Transcribe the listing that follows in full, omitting pictures.

####################

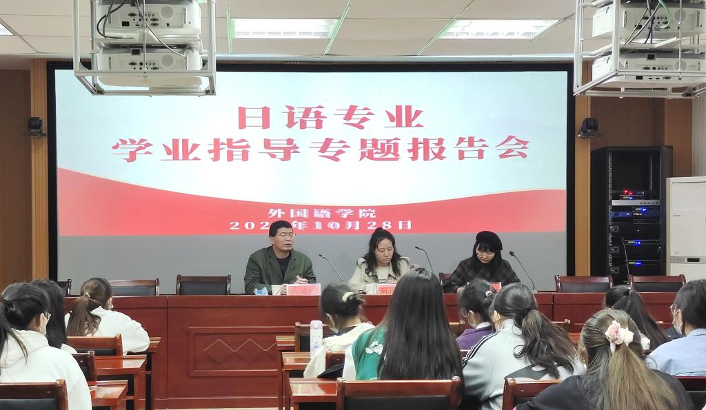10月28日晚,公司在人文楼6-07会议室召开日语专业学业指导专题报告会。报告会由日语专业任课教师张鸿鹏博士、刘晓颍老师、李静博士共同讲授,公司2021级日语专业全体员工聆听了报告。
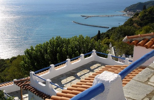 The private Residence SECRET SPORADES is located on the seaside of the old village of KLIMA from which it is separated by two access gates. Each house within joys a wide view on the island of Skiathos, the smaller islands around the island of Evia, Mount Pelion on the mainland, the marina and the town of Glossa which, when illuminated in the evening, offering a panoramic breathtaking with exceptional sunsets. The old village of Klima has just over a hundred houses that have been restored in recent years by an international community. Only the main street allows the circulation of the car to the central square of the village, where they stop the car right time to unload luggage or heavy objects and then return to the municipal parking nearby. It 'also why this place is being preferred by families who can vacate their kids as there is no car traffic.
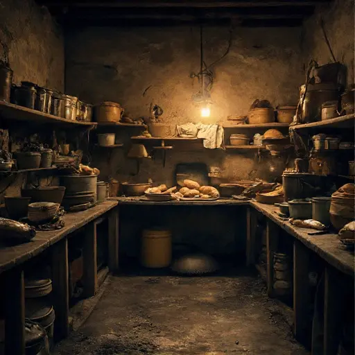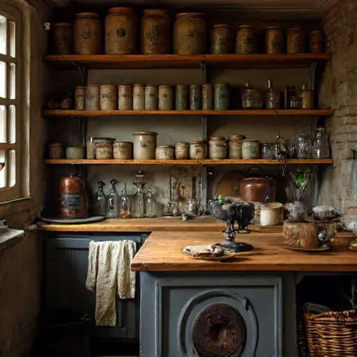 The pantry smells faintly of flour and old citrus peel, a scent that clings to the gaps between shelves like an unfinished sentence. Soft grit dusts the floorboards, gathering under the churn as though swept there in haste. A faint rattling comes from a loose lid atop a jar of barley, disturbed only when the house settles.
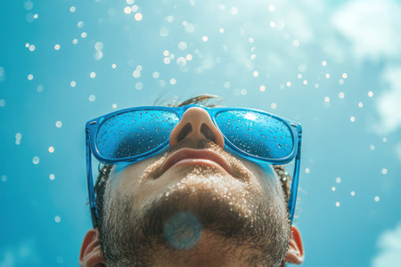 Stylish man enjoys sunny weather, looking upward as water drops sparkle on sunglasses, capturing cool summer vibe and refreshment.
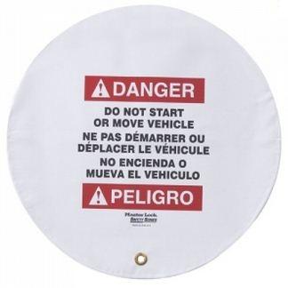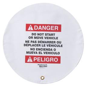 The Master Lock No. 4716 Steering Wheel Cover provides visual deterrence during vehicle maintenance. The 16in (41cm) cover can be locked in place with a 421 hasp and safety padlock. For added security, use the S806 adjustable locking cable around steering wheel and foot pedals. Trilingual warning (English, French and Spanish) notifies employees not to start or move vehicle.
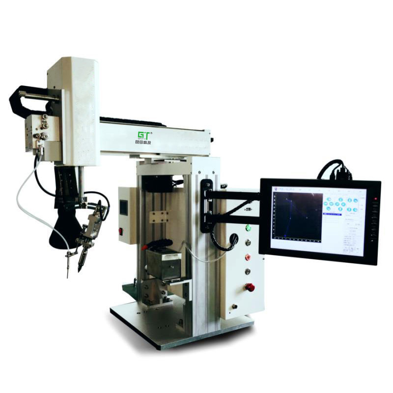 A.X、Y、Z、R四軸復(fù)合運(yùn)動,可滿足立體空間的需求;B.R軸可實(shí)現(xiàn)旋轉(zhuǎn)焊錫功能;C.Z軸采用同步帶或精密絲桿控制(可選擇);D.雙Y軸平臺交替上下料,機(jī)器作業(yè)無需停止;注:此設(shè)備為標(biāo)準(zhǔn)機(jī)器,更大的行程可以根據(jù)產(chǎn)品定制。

####################

## Result for this task:
10月28日晚,公司在人文楼6-07会议室召开日语专业学业指导专题报告会。报告会由日语专业任课教师张鸿鹏博士、刘晓颍老师、李静博士共同讲授,公司2021级日语专业全体员工聆听了报告。
 The private Residence SECRET SPORADES is located on the seaside of the old village of KLIMA from which it is separated by two access gates. Each house within joys a wide view on the island of Skiathos, the smaller islands around the island of Evia, Mount Pelion on the mainland, the marina and the town of Glossa which, when illuminated in the evening, offering a panoramic breathtaking with exceptional sunsets. The old village of Klima has just over a hundred houses that have been restored in recent years by an international community. Only the main street allows the circulation of the car to the central square of the village, where they stop the car right time to unload luggage or heavy objects and then return to the municipal parking nearby. It 'also why this place is being preferred by families who can vacate their kids as there is no car traffic.
 The pantry smells faintly of flour and old citrus peel, a scent that clings to the gaps between shelves like an unfinished sentence. Soft grit dusts the floorboards, gathering under the churn as though swept there in haste. A faint rattling comes from a loose lid atop a jar of barley, disturbed only when the house settles.
 Stylish man enjoys sunny weather, looking upward as water drops sparkle on sunglasses, capturing cool summer vibe and refreshment.
 The Master Lock No. 4716 Steering Wheel Cover provides visual deterrence during vehicle maintenance. The 16in (41cm) cover can be locked in place with a 421 hasp and safety padlock. For added security, use the S806 adjustable locking cable around steering wheel and foot pedals. Trilingual warning (English, French and Spanish) notifies employees not to start or move vehicle.
 A.X、Y、Z、R四軸復(fù)合運(yùn)動,可滿足立體空間的需求;B.R軸可實(shí)現(xiàn)旋轉(zhuǎn)焊錫功能;C.Z軸采用同步帶或精密絲桿控制(可選擇);D.雙Y軸平臺交替上下料,機(jī)器作業(yè)無需停止;注:此設(shè)備為標(biāo)準(zhǔn)機(jī)器,更大的行程可以根據(jù)產(chǎn)品定制。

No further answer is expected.